I live with Borrowers. At least I’m 99% positive that is what is going on. Do you remember that story about the tiny people who live, hidden, in your homes and “borrow” your things? I’m almost certain I have them at my house. How else do you explain the constant missing of all the things?
It most certainly cannot be my housekeeping skills, as those are impeccable (I jest).
It most certainly cannot be two kids who always respect the boundaries of personal property.
It most certainly is not the two dogs who always behave and never ever steal socks for tug-o-war.
The only possible explanation is that I have Borrowers, and by the rate that things go missing in my house, I might be infested. Here is just a sample of what turns up missing in our home:
1. Scissors. We have 5 pair that are supposed to stay in a kitchen drawer, never ever are they there.
2. Remote Controls. I have replaced them and lost the replacements MORE THAN ONCE. Thank goodness for Prime shipping.
3. Fingernail Clippers. Again, these go in a kitchen drawer and still when I open it POOF! Gone.
4. Hair accessory items. This includes ties, Bobby pins, clips, bows, headbands, ribbons, etc. I have spent hundreds of dollars on these things over the course of my life. Why, Borrowers, why?!
5. Shoes. Okay this one COULD be the
dog’s children’s fault.
As a mother, I have very good finding skills. I find lost books, backpacks, toys, keys, phones, shoes (SHOES!) on a daily basis. Yet, for some supernatural reason I cannot I ever find what has been “borrowed.” But here’s the thing. I have plenty of things in my life that I wish would disappear forever (student loans, war, famine). Why can’t I get my Borrowers to work with me, instead of against me? I wish I could leave a list out for our Borrowers, because I have a few items I’d like to be gone forever.
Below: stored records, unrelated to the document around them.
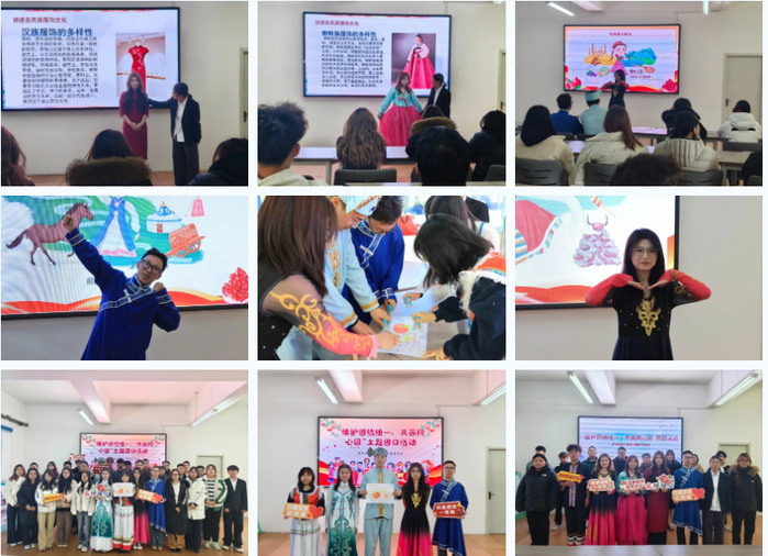 本次活动紧扣“休戚与共、荣辱与共、生死与共、命运与共” 的共同体理念,创新设计 “理论宣讲 + 文化体验 + 互动实践” 三维活动体系。政策宣讲环节,通过 PPT 专题解读、典型案例分享等形式,系统梳理中华民族多元一体格局的历史脉络,深入阐释 “五个认同” 的核心内涵,让同学们深刻理解 “民族团结是生命线” 的深刻意蕴;民族文化展示区里,各族员工身着特色服饰自信亮相,详细介绍服饰背后的历史渊源与文化寓意,精美的刺绣、独特的纹样引得现场阵阵赞叹;民族知识竞答环节围绕民族政策、历史文化、地理风貌等内容展开,同学们踊跃抢答、激烈角逐,在趣味比拼中夯实民族知识基础;绘制 “民族团结同心圆” 活动中,大家携手执笔,将56个民族的文化符号、祖国大好河山等元素融入画作,用色彩勾勒 “中华民族一家亲” 的美好愿景;风采展示环节,歌曲演唱、诗词朗诵、民俗表演等节目轮番上演,生动展现了各民族文化的独特魅力与交融之美,现场氛围热烈融洽。
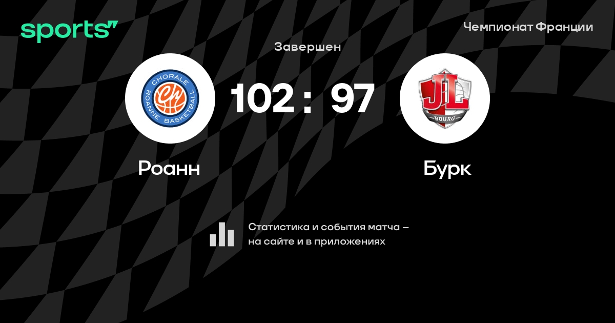 В прошедшем матче в рамках турнира Чемпионат Франции состоялась встреча команд Роанн - Бурк в городе на стадионе Halle André-Vacheresse
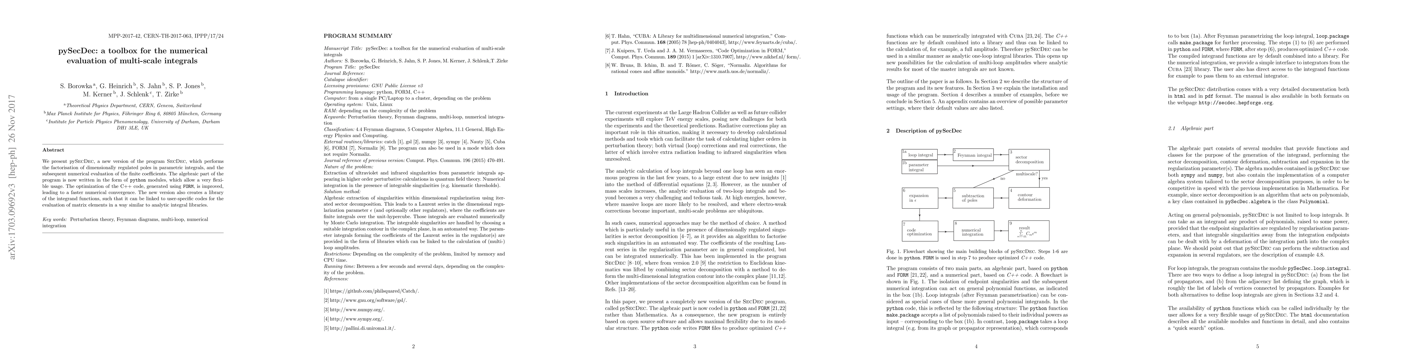 Summary: pySecDec is a new version of SecDec that factors dimensionally regulated poles in parametric integrals and evaluates finite coefficients numerically. The program's improved C++ code and Python modules enhance flexibility and convergence speed, and it now supports integration with user-specific codes.

1. The microphone toy. Beloved by my children and despised by everyone else ever.
2. Baby weight. Despite my best efforts the thirty pounds I gained during baby number three have not budged one bit.
3. My husband’s basketball shoes. Not worn to play basketball and Slimer green, but apparently they’re fresh?
4. The perpetual pile of dishes in my sink. I clear it out and within 5 minutes dishes return.
5. The Angries. You know those times when you are seconds away from a fit of blinding rage? No? Just me then. Right, moving on.
This weekend, I will be sending my children to hunt for our Borrowers. I figure if I give them each a flashlight and magnifying glass they will be entertained for
hours minutes and allow me to go shopping online in peace where, in true mom fashion, I will be filling my cart with cute tops, new shoes, and kitchen gadgets, but I will only end up purchasing… new remotes.